WHAT NEEDS TO BE DONE:
Please repeat the data below exactly, with the pictures removed.

COLLECTED DATA:
• • •

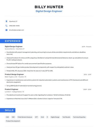 Build a professional digital design engineer resume in minutes. Browse through our resume examples to identify the best way to word your resume. Then choose from 5+ resume templates to create your digital design engineer resume.
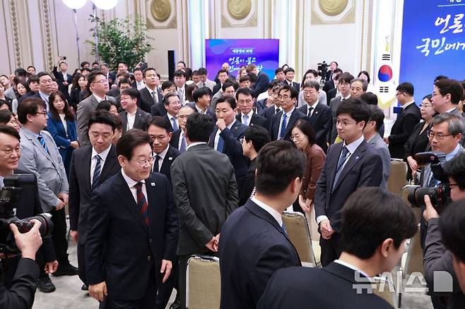 [서울=뉴시스] 고범준 기자 = 이재명 대통령이 3일 청와대 영빈관에서 열린 '대통령의 30일, 언론이 묻고 국민에게 답하다' 기자회견을 마친 뒤 기자회견장을 나서고 있다. (대통령실통신사진기자단) 2025.07.03. bjko@newsis.com
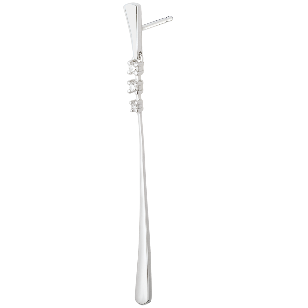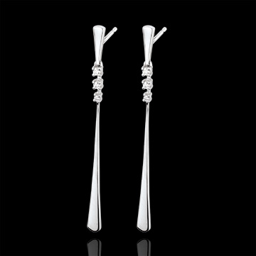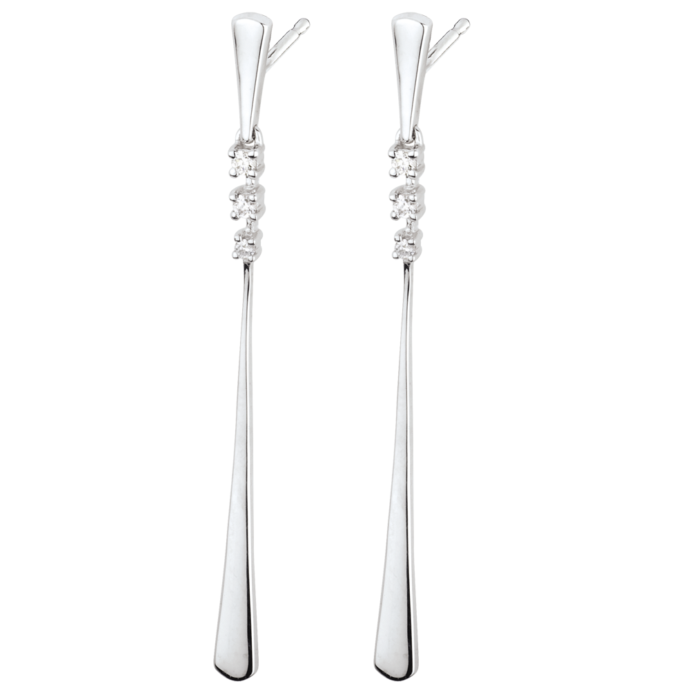 A pair of drop earrings in white gold with diamonds which gently sway .

• • •

ANSWER TO THIS TASK:
 Build a professional digital design engineer resume in minutes. Browse through our resume examples to identify the best way to word your resume. Then choose from 5+ resume templates to create your digital design engineer resume.
 [서울=뉴시스] 고범준 기자 = 이재명 대통령이 3일 청와대 영빈관에서 열린 '대통령의 30일, 언론이 묻고 국민에게 답하다' 기자회견을 마친 뒤 기자회견장을 나서고 있다. (대통령실통신사진기자단) 2025.07.03. bjko@newsis.com
 A pair of drop earrings in white gold with diamonds which gently sway .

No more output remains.